First thing in the morning, perhaps while brewing your coffee or stirring your oatmeal, combine a half teaspoon of cumin, coriander, and fennel seeds in four to five cups of water. Boil for 5 to 10 minutes, then strain the seeds, pour into a thermos and sip hot throughout the day. This pleasant-tasting recipe for Prime Tea, as Chaudhary refers to it, is just one of her several simple additions to your daily diet (others include homemade recipes for Prime Juices, Prime Broth, Prime Curry Powder, and more). The goal is to improve digestion and reduce inflammation with these blends.

4. Change your relationship to sugar.

Americans are eating more sugar now than ever. “The average person eats 152.4 pounds of sugar and other sweeteners, ” reports Chaudhary from USDA stats that compare eating habits from today to 30 years ago. The problem with this is that studies have linked this boost in sugar consumption with an increased risk of cardiovascular disease and mortality. The answer isn’t to eliminate sugar altogether, but rather to change your relationship to it.

To reign in your sweet tooth, Chaudhary recommends the herbs ashwagandha as well as brahmi, a popular herb in India that is sold in capsule form in the U.S. Chaudhary refers to brahmi as a “brain tonic” because of its beneficial effects on cognitive function and specifically how it regulates overloaded and exhausted pleasure circuits. “When you put those two [supplements] together, they’re really fighting the underlying neurochemical process of addiction,” she says.
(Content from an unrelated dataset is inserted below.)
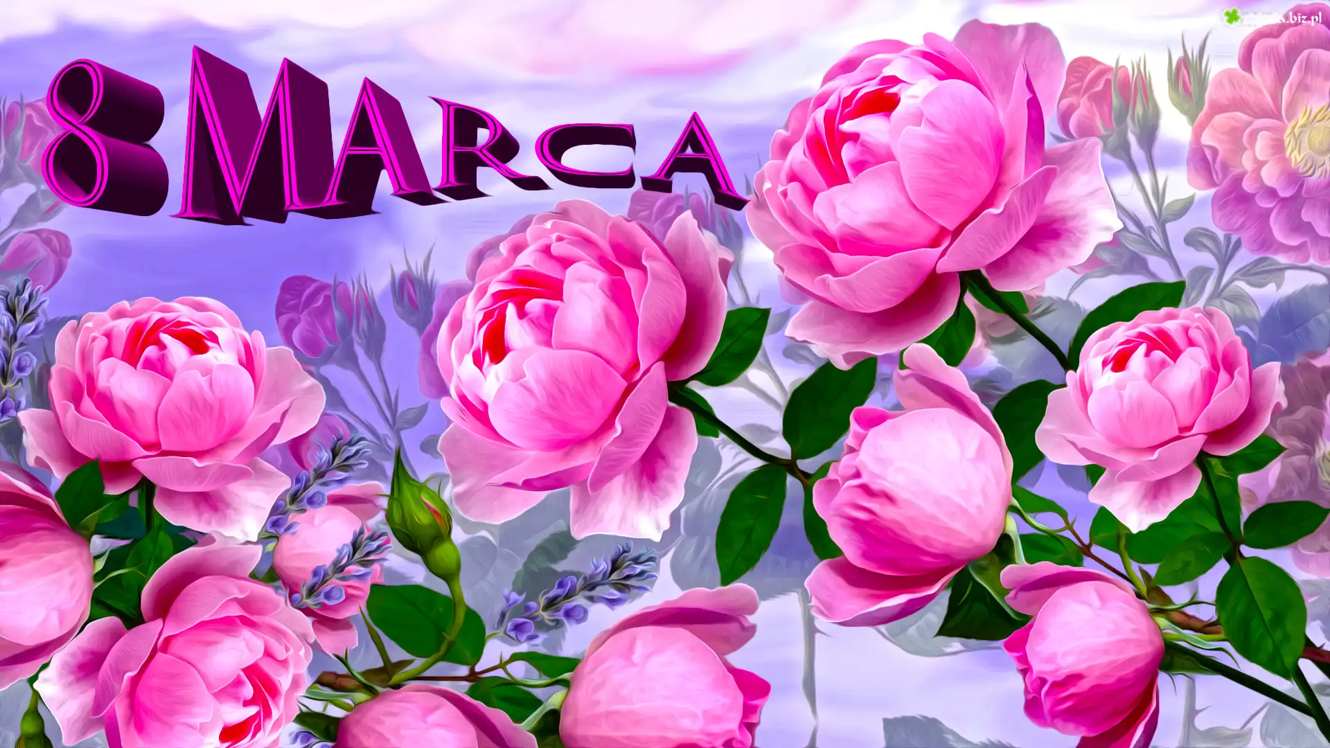 Zdjęcie Święto, Dzień Kobiet, Kwiaty, Róże, Napis

Their goal is to try to change the conversation between your brain and your gut, which gets confused by bad gut bacteria that begs for your food addictions that release the neurotransmitters needed for its own survival. “Once you wipe a lot of the bad bacteria and the yeast in your gut—because your addictions are driven in part just by the chemicals they release—it feels miraculous,” she writes.
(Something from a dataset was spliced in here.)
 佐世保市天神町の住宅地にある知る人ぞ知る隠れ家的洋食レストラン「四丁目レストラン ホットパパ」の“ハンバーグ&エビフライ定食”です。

Related: Change Your Mind, Change Your Body?


 

5. Meditate.

Chaudhary has been practicing meditation since she was a kid thanks to her progressive parents. She includes this practice in her plan to help people deal with difficult emotions, including mood swings and feelings that may surface during this process.

“We actually carry cellular debris from emotional trauma. What I found is, on this plan, all of this emotional trauma and emotional memories were coming up. That’s when patients were most tempted to sabotage the process by eating foods that were toxic, basically to block the whole process from occurring,” Chaudhary explains. This is where meditation could help you cope with the discomfort.

“Meditation is a way of detoxing the brain, detoxing those emotions, and preventing people from self-sabotaging, in addition to a slew of neurological benefits,” she says. “When something hurts, we look for ways of relief, but the mechanisms that we know of relief, unfortunately, oftentimes involve food addictions or other addictions. Meditation is a way out.”

6. Take your time—you’re in it for the long haul.

Chaudhary is the first to admit that she moved through the four phases of her plan at a very slow pace. “When I got headache-free, I had only done a small fraction of this. It took a couple of years to really embrace everything. I would not have been able to do this plan quickly. I did it over time, and when I got to the end of it, I was exactly where I wanted to be,” she says. Basically, there’s no rush. This is not a quick fix, but a long-term goal to get your body back to working in “prime” condition.